Source records:
********
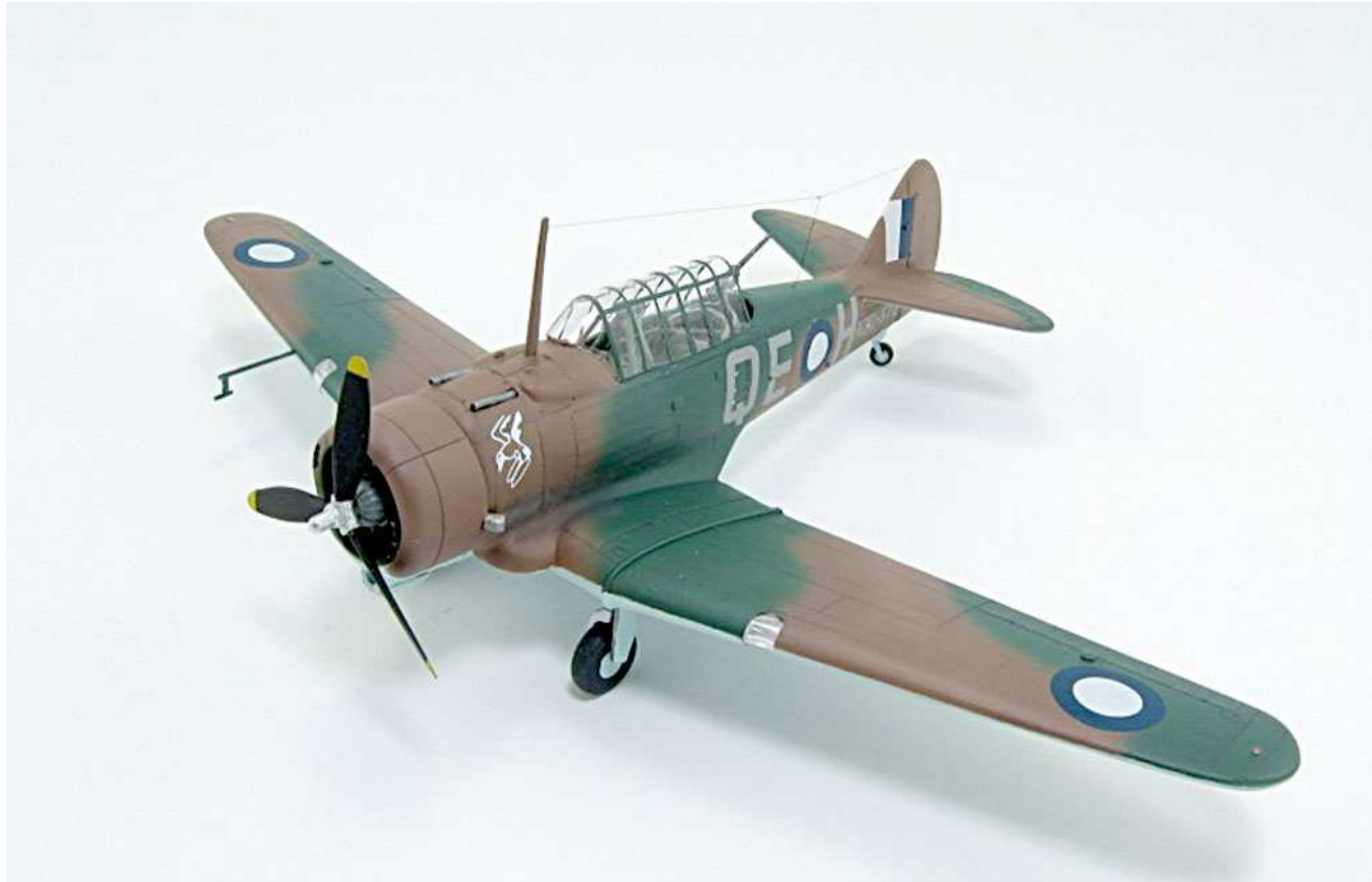
1/72 Special Hobby Commonwealth Wirraway by Frank Cuden
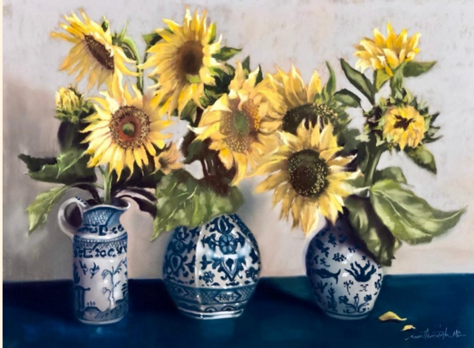
"Tres Marias" won Honorable Mention in Art & Color Magazine , Summer issue
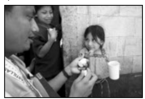
A Guatemalan health worker provides Mectizan® to a child. Guatemala announced that it had interrupted river blindness transmission in 2011 and stopped all treatment activities in 2012

River blindness is a disease caused by worms that originated in Africa and was likely brought to this hemisphere by the slave trade back in the 1700s and 1800s. When The Carter Center adopted river blindness as one of our targeted diseases, it existed in six countries in Latin America: Brazil, Colombia, Ecuador, Guatemala, Mexico and Venezuela. We began to see this as a relatively milder form of onchocerciasis than existed in some places in Africa for several reasons. One of the most important is that the little black fly that transmits the disease in Africa is much more efficient than in Latin America. Another is that only about 600,000 persons in six countries were at risk for river blindness in Latin America, compared to millions in Africa. So we saw Latin America is a good region to try new ideas that could lead to elimination.
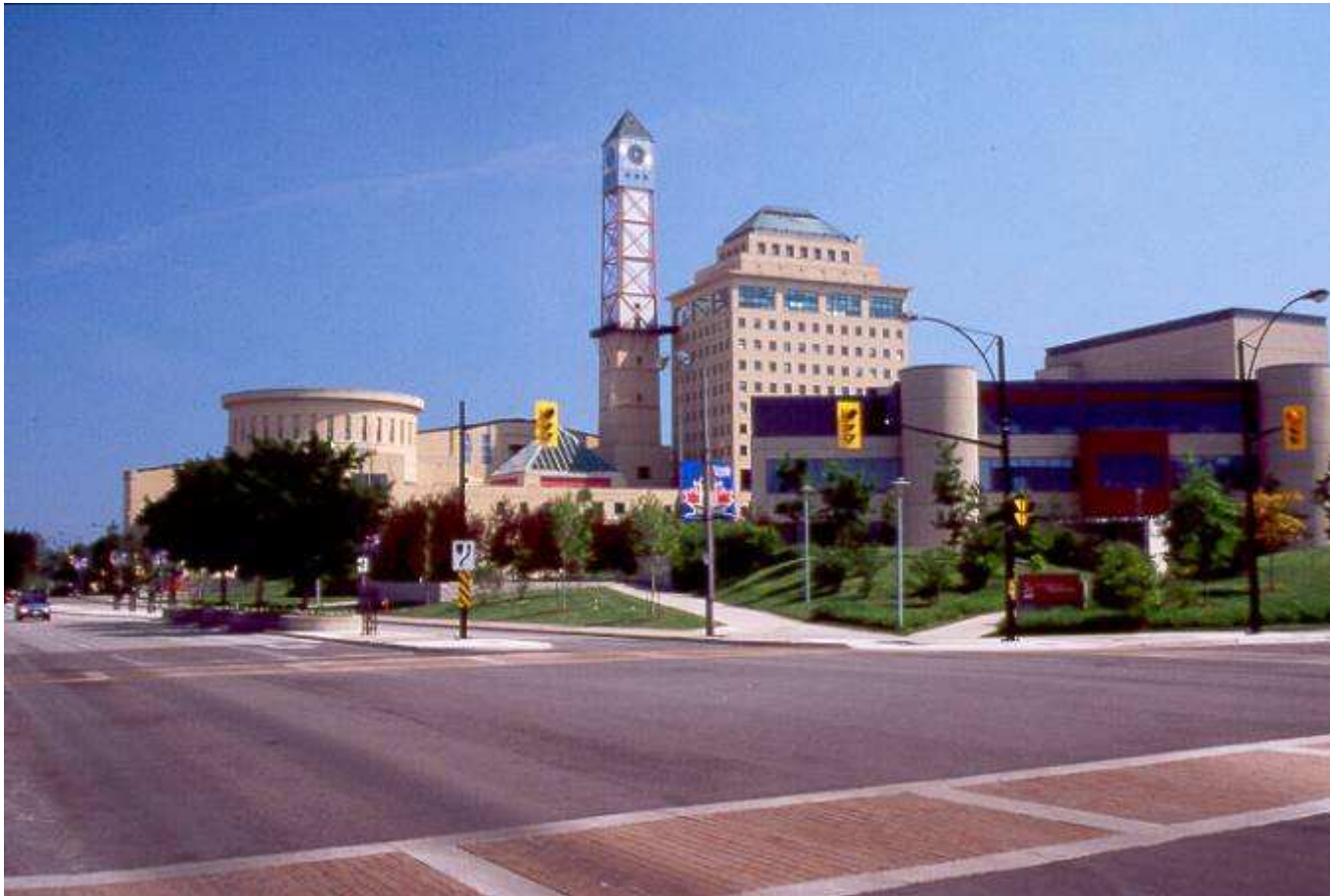
City Hall (1987), 300 City Centre Drive Architect: Jones & Kirkland
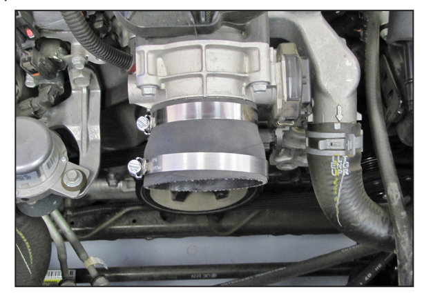
8. Install one of the provided coupling hoses onto the throttle body and secure with the provided hose clamps.
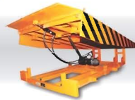
Dock Leveler (Electric Hydraulic Dock Leveler)
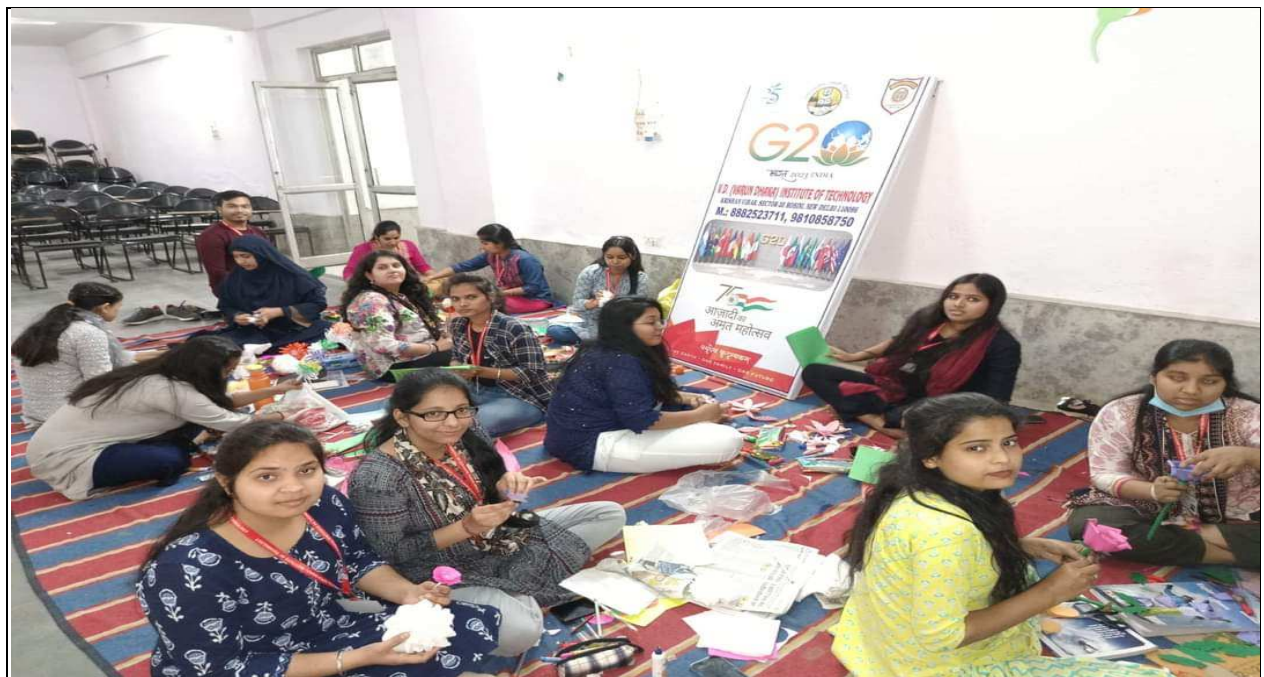
Fig 2 : B.Ed first Semester and fourth Semester students participating in G-20 Activity: flower making competition
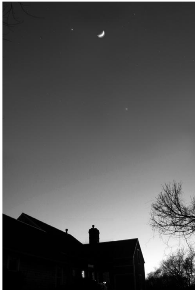
Western sky at dusk, February 26, 2012

When a group of hockey players who use the Ponderosa asked that this organization consider an upgrade to the
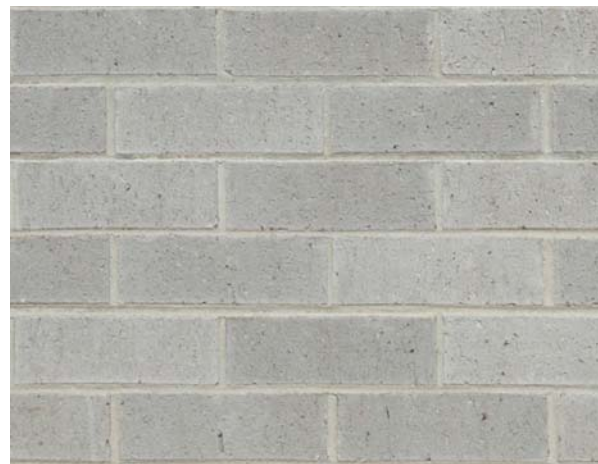
BK PHG BRICKS - DARK & STORMY, LIGHTNING, OR SIMILAR
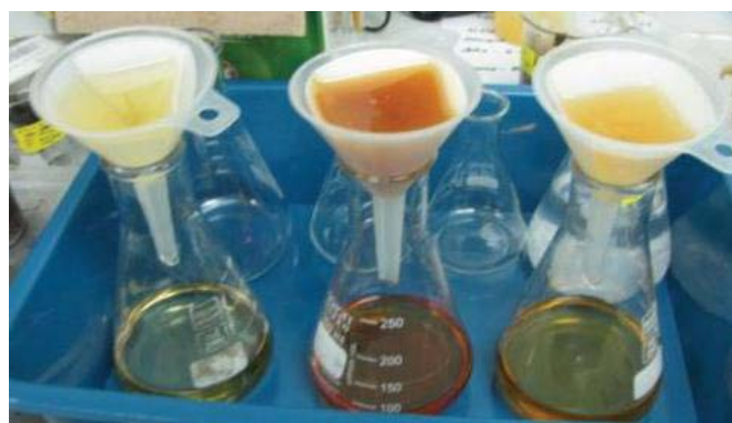
Fig. 1 WCO filtration using filter paper

The oil undergoes degradation due to heating and it also forms polymer and other types of impurities due to its reaction with water. By filtration, solid particles and the seen impurities were removed from waste cooking oil and the moisture content. Acidity and the fatty acid profile of the waste cooking oil were tested. Filtered oil was kept in sealed bottle to avoid reaction with air, prior to use. The appearance of the cooking oil was dark yellow with a specific gravity of 0.926, acid value of 0.16 mg KOH, viscosity 17 cSt and moisture content of 0.9-1.8%. Many studies reported about the modification of cooking oil [11]-[13]. Through their studies, they concluded about the properties of vegetables oil such as good lubrication properties, viscosity index, flash point and pour point. Blending of oil with other waste materials reported to have better quality [14], [15].
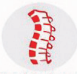
Spinal Deformity Correction
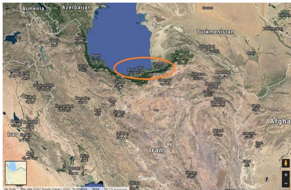
Fig.1. Study area, Northern Iran

The study area of this research was the city of Sari located at the longitude of 53^{\circ}5'E and latitude of 36^{\circ}34'N of the plain region of Sari county, northern Iran (Fig.1). Sari with a population of about 296,417 people and an area of about 2852 (km 2 ) has only five urban parks which their total area is about 113,385 hectare. Therefore, the urban parks area is about 0.39 hectare per capita [10].
********
→ **WORK ITEM**:
This task calls for the records to be copied exactly, without pictures.

→ **FINISHED EXERCISE**:
1/72 Special Hobby Commonwealth Wirraway by Frank Cuden
"Tres Marias" won Honorable Mention in Art & Color Magazine , Summer issue
A Guatemalan health worker provides Mectizan® to a child. Guatemala announced that it had interrupted river blindness transmission in 2011 and stopped all treatment activities in 2012

River blindness is a disease caused by worms that originated in Africa and was likely brought to this hemisphere by the slave trade back in the 1700s and 1800s. When The Carter Center adopted river blindness as one of our targeted diseases, it existed in six countries in Latin America: Brazil, Colombia, Ecuador, Guatemala, Mexico and Venezuela. We began to see this as a relatively milder form of onchocerciasis than existed in some places in Africa for several reasons. One of the most important is that the little black fly that transmits the disease in Africa is much more efficient than in Latin America. Another is that only about 600,000 persons in six countries were at risk for river blindness in Latin America, compared to millions in Africa. So we saw Latin America is a good region to try new ideas that could lead to elimination.
City Hall (1987), 300 City Centre Drive Architect: Jones & Kirkland
8. Install one of the provided coupling hoses onto the throttle body and secure with the provided hose clamps.
Dock Leveler (Electric Hydraulic Dock Leveler)
Fig 2 : B.Ed first Semester and fourth Semester students participating in G-20 Activity: flower making competition
Western sky at dusk, February 26, 2012

When a group of hockey players who use the Ponderosa asked that this organization consider an upgrade to the
BK PHG BRICKS - DARK & STORMY, LIGHTNING, OR SIMILAR
Fig. 1 WCO filtration using filter paper

The oil undergoes degradation due to heating and it also forms polymer and other types of impurities due to its reaction with water. By filtration, solid particles and the seen impurities were removed from waste cooking oil and the moisture content. Acidity and the fatty acid profile of the waste cooking oil were tested. Filtered oil was kept in sealed bottle to avoid reaction with air, prior to use. The appearance of the cooking oil was dark yellow with a specific gravity of 0.926, acid value of 0.16 mg KOH, viscosity 17 cSt and moisture content of 0.9-1.8%. Many studies reported about the modification of cooking oil [11]-[13]. Through their studies, they concluded about the properties of vegetables oil such as good lubrication properties, viscosity index, flash point and pour point. Blending of oil with other waste materials reported to have better quality [14], [15].
Spinal Deformity Correction
Fig.1. Study area, Northern Iran

The study area of this research was the city of Sari located at the longitude of 53^{\circ}5'E and latitude of 36^{\circ}34'N of the plain region of Sari county, northern Iran (Fig.1). Sari with a population of about 296,417 people and an area of about 2852 (km 2 ) has only five urban parks which their total area is about 113,385 hectare. Therefore, the urban parks area is about 0.39 hectare per capita [10].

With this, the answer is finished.